In the data that follows, find the line with "Змішувач для раковини"; transcribe it, every later line up to the one with "The Spiny lobster, such", and that line as well, exactly and with no others.

ENTRIES PROVIDED ::
◇ ◇ ◇ ◇

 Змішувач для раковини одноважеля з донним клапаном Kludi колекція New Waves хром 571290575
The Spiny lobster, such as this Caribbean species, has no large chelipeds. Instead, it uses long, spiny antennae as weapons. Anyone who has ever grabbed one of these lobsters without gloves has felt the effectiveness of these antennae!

◇ ◇ ◇ ◇

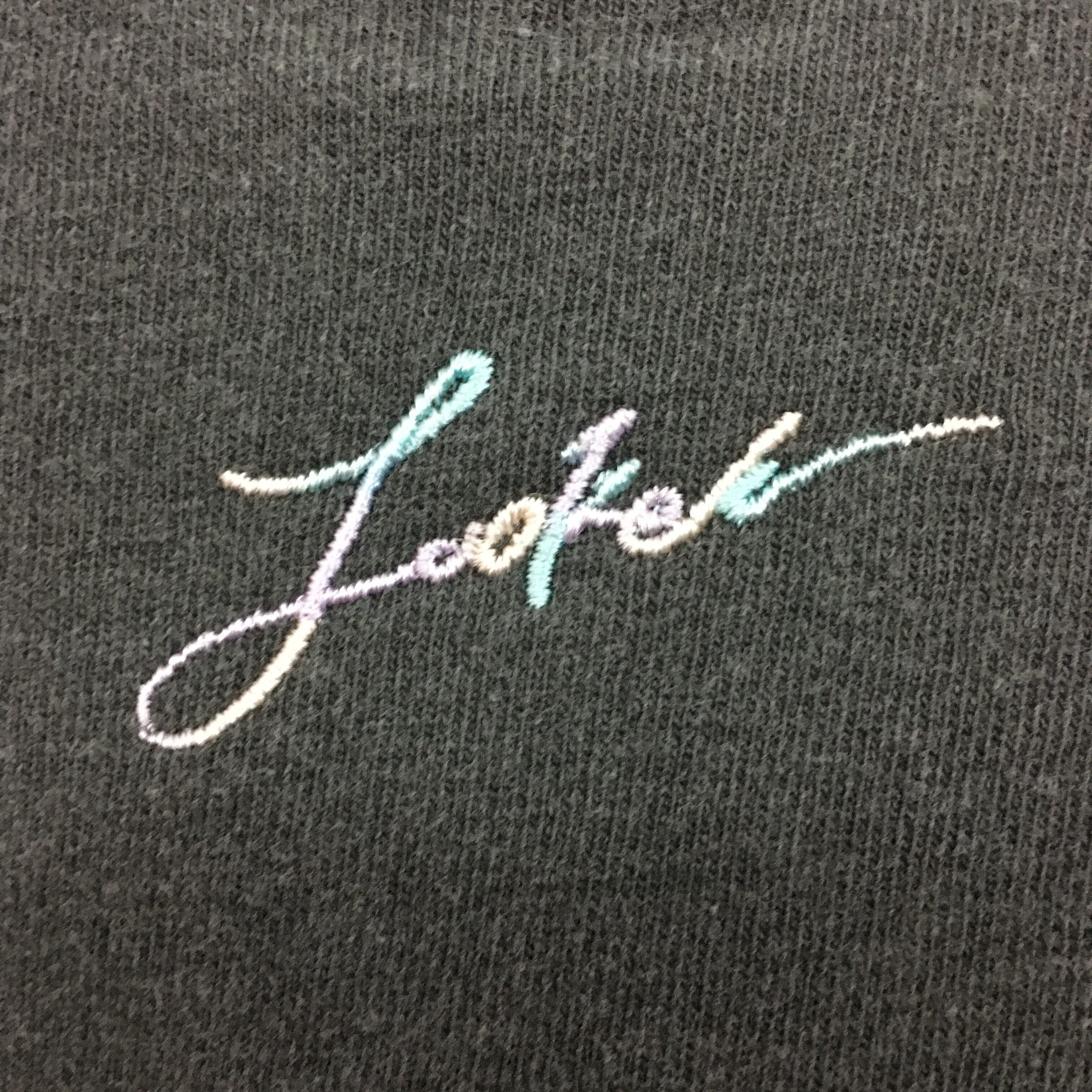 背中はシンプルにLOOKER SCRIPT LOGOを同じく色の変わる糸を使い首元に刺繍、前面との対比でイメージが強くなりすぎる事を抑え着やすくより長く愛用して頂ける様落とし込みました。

◇ ◇ ◇ ◇

TASK SOLUTION ::
 Змішувач для раковини одноважеля з донним клапаном Kludi колекція New Waves хром 571290575
The Spiny lobster, such as this Caribbean species, has no large chelipeds. Instead, it uses long, spiny antennae as weapons. Anyone who has ever grabbed one of these lobsters without gloves has felt the effectiveness of these antennae!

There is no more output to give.